# Is Spring ever going to get here?



## Mamaboyd (Oct 10, 2013)

Monday and Tuesday we were teased with lovely weather, sun shining, snow melting away and the temp got up to 10 degrees celsius yesterday. Today, a huge snowstorm swept through with high winds and it's going down to -30 degrees. ugh, had enough of shoveling snow, making paths through knee high drifts to get to the goat pen and chicken coop. :hair: Thank goodness it is March Break for our kids and 3 of mine just got back from staying with the in-laws for 3 days


----------



## ksalvagno (Oct 6, 2009)

Yes. Know what you mean. Luckily we didn't end up with the snow they were predicting.


----------



## Mamaboyd (Oct 10, 2013)

lucky you Karen!! I have a feeling we are going to still have snow in April when our girls are due to kid so I am plugging away at knitting sweaters for the babies. Thank goodness they were not due on a day like this lol.


----------



## NyGoatMom (Jan 26, 2013)

I know how you feel....I am so tired of it. I just looked at the 7 day forecast and that is not encouraging either.....:hair: Enough already!! :lol:


----------



## Trickyroo (Sep 26, 2012)

I can feel your pain  Although we lucked out big time by missing a massive snow storm here on Long Island , we ended up with frigid temps . Was just 60 the other day , now its 20 with the night time going down to the teens . Then , if that isn't enough , we will have temps in the middle 50s by Saturday , then down to the 20s again. Honestly , I'm scared poopless for my goats ! Im so scared they will get sick with this outrageous temp changes. Might I add the winds have hit 40mph.
A wind that sucks the life out of you  
Im so done with this winter :GAAH:


----------



## J.O.Y. Farm (Jan 10, 2012)

Oh man I hear ya...  the wind is horrible and it going form 50 to the teens with single digit nights all over again is no fun 
And to think.. I could see grass(though dead... Lol!) and dirt(though it was rather muddy) just yesterday!  now it's covered in snow all over agin...


----------



## Frosty (Feb 13, 2010)

Well I am with you gals. I have had enough of this and as I look out my window now the snow is coming down and the wind is blowing enough is enough already.


----------



## J.O.Y. Farm (Jan 10, 2012)

How much snow did you get/supposed to get Barbra?


----------



## Goats Rock (Jun 20, 2011)

We got a bunch of snow and blowing last night. Naturally, I have a doe due today! I hope she waits until I get home
this eve. I definitely need to get someone to hook up my cameras to the computer so I can watch from work! (Is that possible?)
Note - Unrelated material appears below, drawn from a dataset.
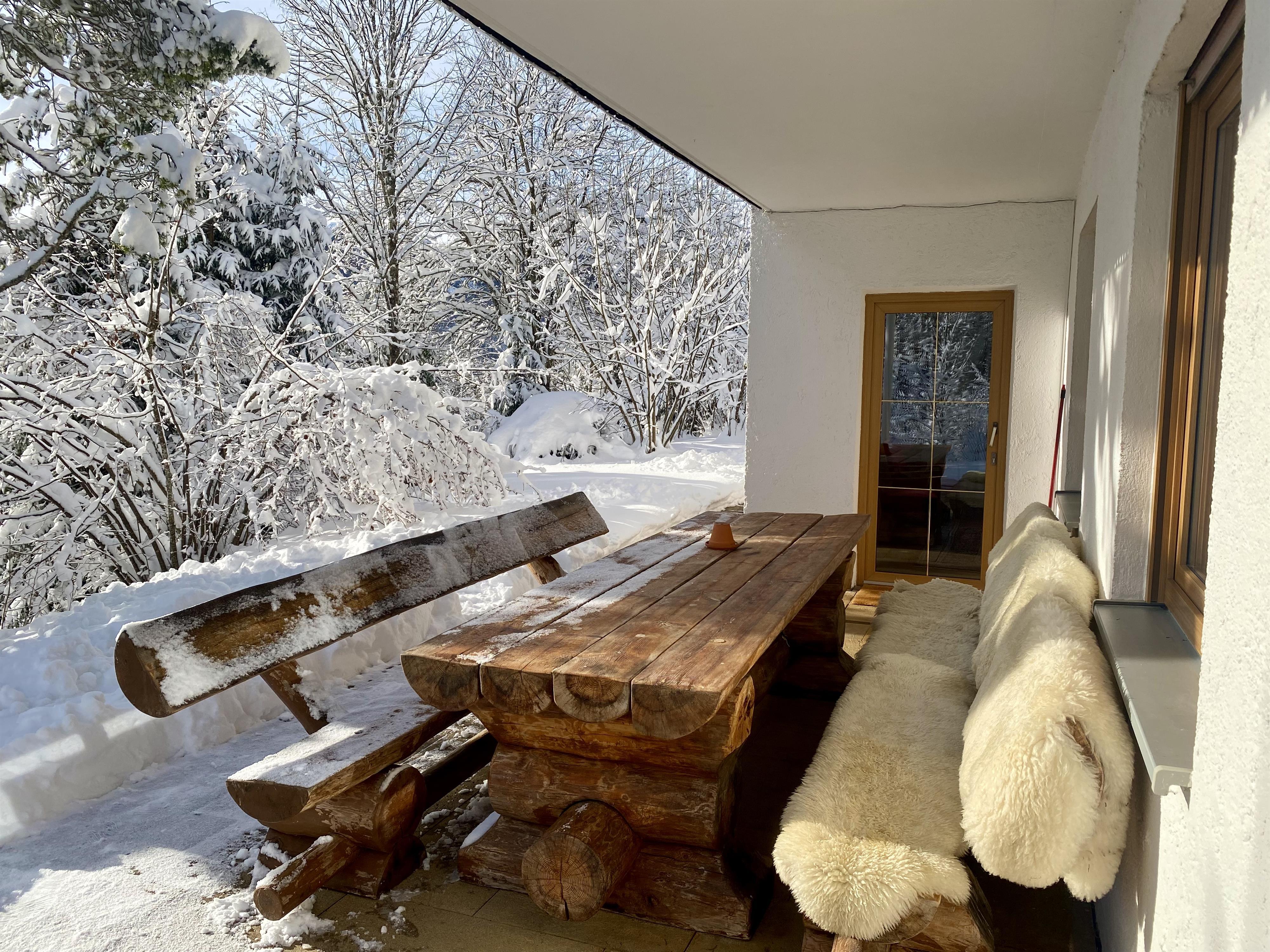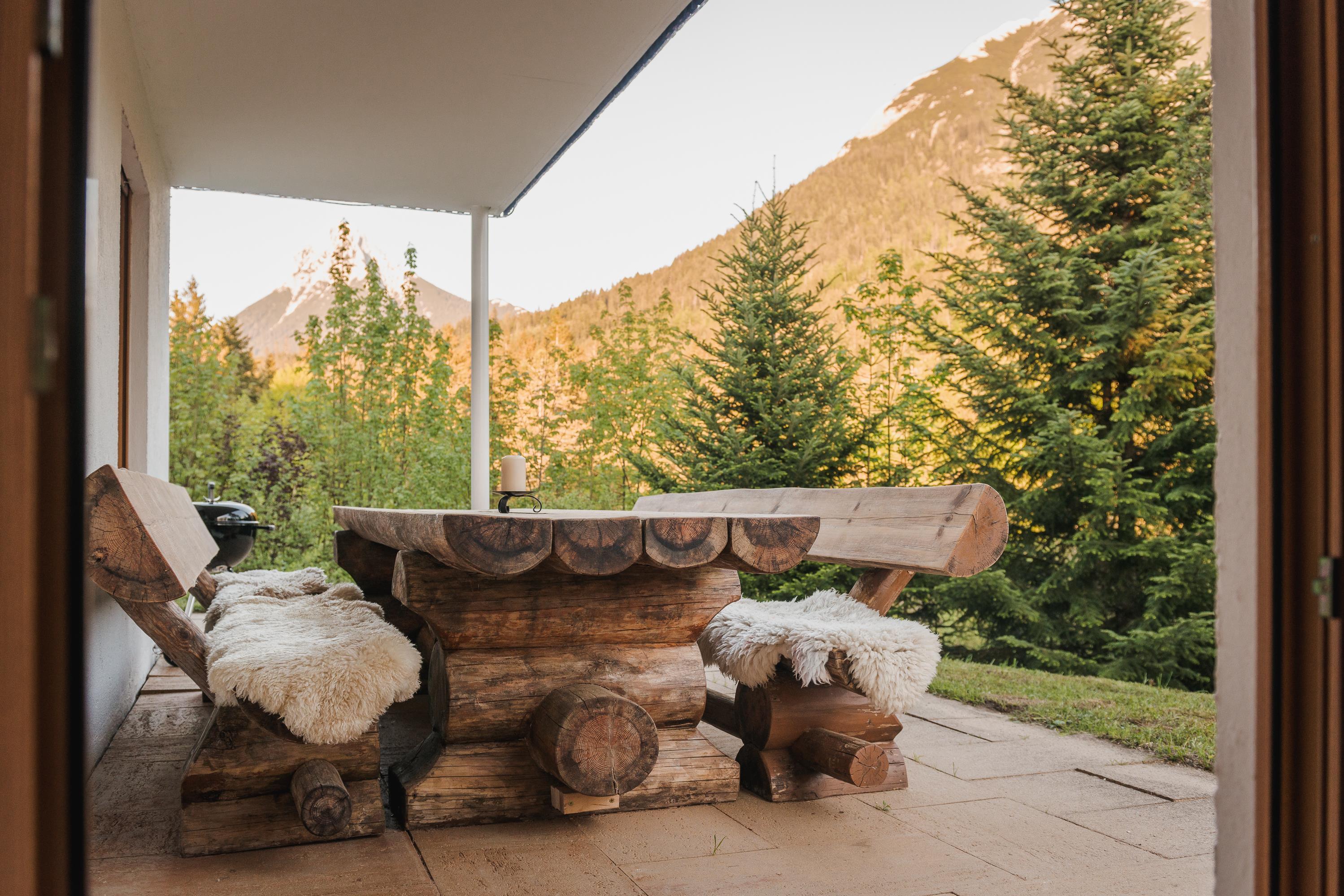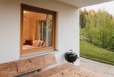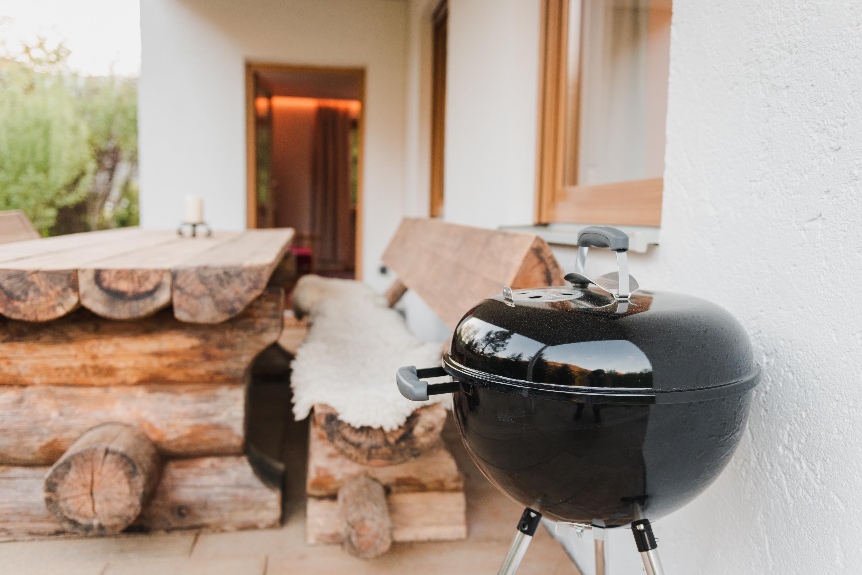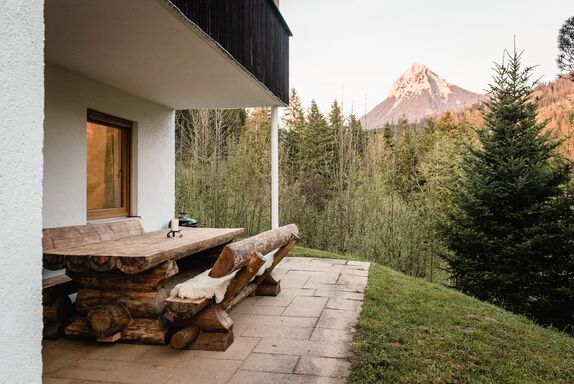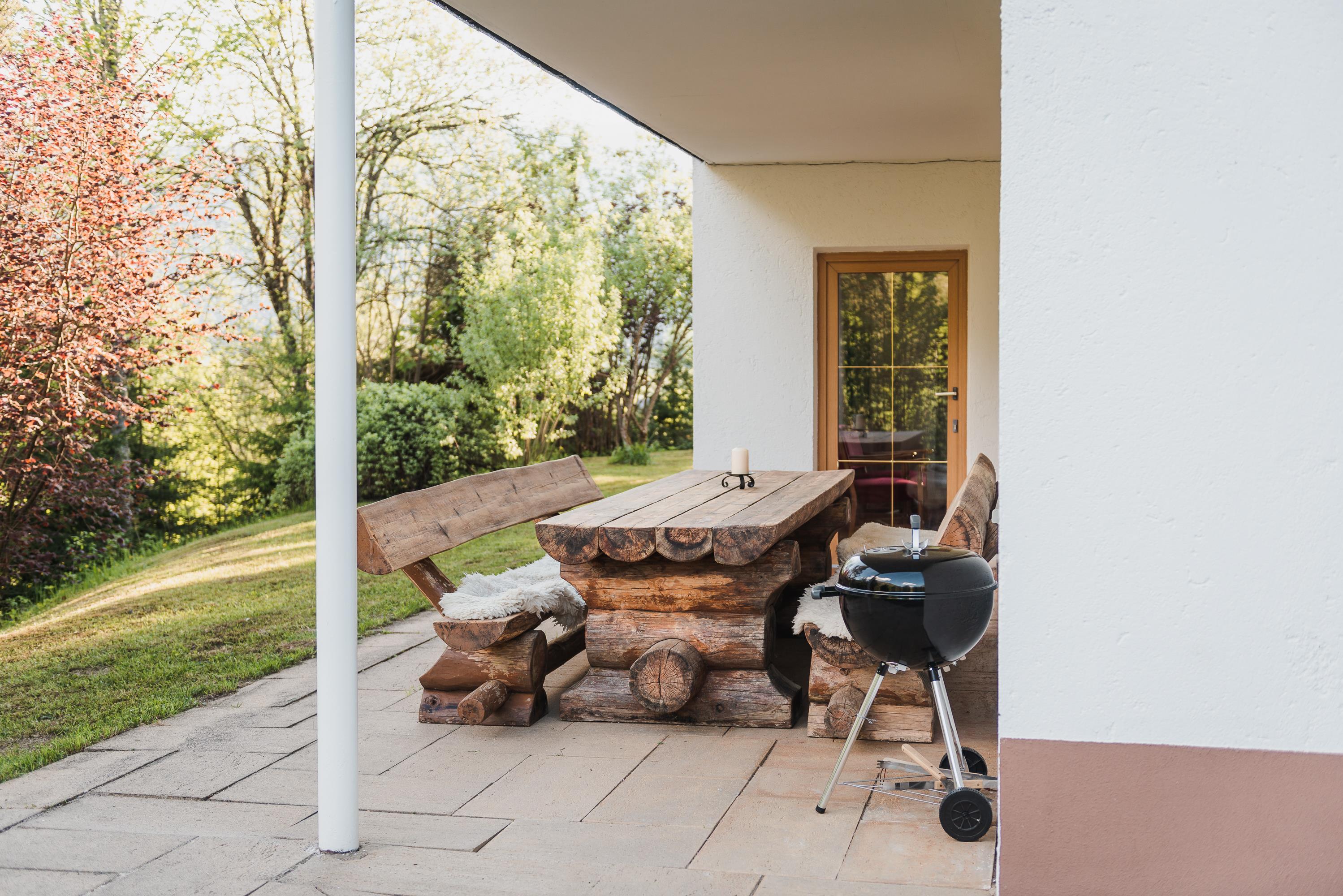 Auf der private Terrasse gibt es einen großen Massivholztisch mit Bänken und einen Grill. Die Terrasse wird von früh bis spät von der Sonne beschienen und ist somit der perfekte Ort für ein langes Essen mit der ganzen Familie.

Think Spring! If we all think and wish really hard, maybe it will get warmer and stay nice! (we need Spring smilies!)


----------



## Frosty (Feb 13, 2010)

We didn't get the snow they predicted for here about an inch but the wind is blowing and it is cold out there. I only had the goats and turkeys out in the pasture long enough to stretch their legs the wind was blowing what snow we did get and it looked like a white out


----------



## Jessica84 (Oct 27, 2011)

Trade ya!! We went from fall to spring, no winter. We had a few small storms but not even enough to make a dent. Today in central California it is 76 right now


----------